[Dataset section]:

+--

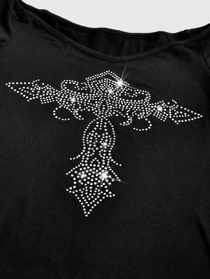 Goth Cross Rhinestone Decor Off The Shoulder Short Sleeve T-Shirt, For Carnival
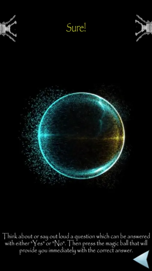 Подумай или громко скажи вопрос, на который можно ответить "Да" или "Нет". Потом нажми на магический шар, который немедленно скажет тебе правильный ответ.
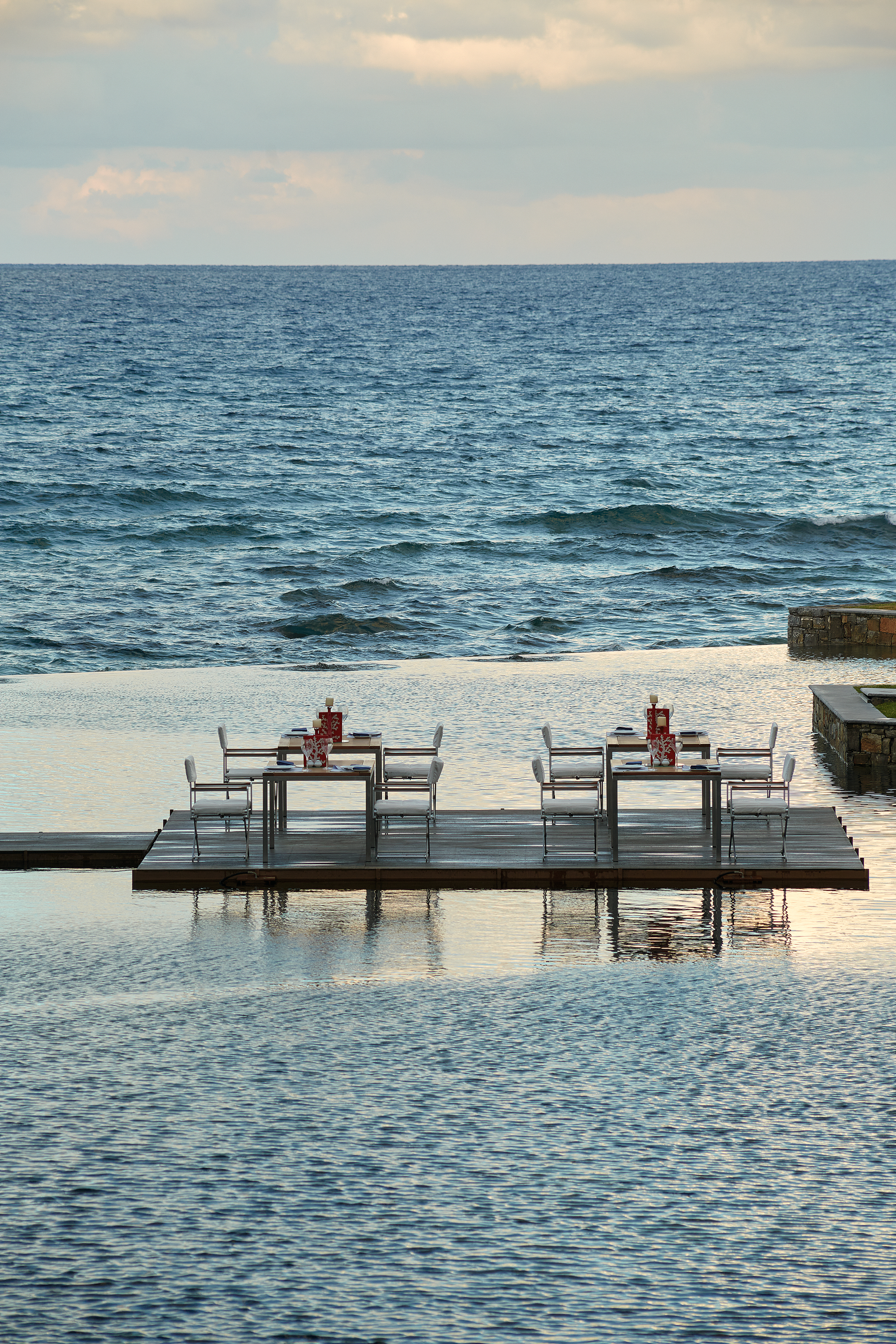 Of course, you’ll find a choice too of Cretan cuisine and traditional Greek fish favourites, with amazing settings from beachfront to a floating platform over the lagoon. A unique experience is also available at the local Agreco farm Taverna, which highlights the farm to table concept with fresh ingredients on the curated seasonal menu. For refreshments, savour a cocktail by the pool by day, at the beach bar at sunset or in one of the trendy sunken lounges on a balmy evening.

+--

[What you have to do]:
Your answer should consist solely of the lines from the line with "Подумай или громко" to the final line of the listing, set down word for word, pictures omitted.

[Output below]:
 Подумай или громко скажи вопрос, на который можно ответить "Да" или "Нет". Потом нажми на магический шар, который немедленно скажет тебе правильный ответ.
 Of course, you’ll find a choice too of Cretan cuisine and traditional Greek fish favourites, with amazing settings from beachfront to a floating platform over the lagoon. A unique experience is also available at the local Agreco farm Taverna, which highlights the farm to table concept with fresh ingredients on the curated seasonal menu. For refreshments, savour a cocktail by the pool by day, at the beach bar at sunset or in one of the trendy sunken lounges on a balmy evening.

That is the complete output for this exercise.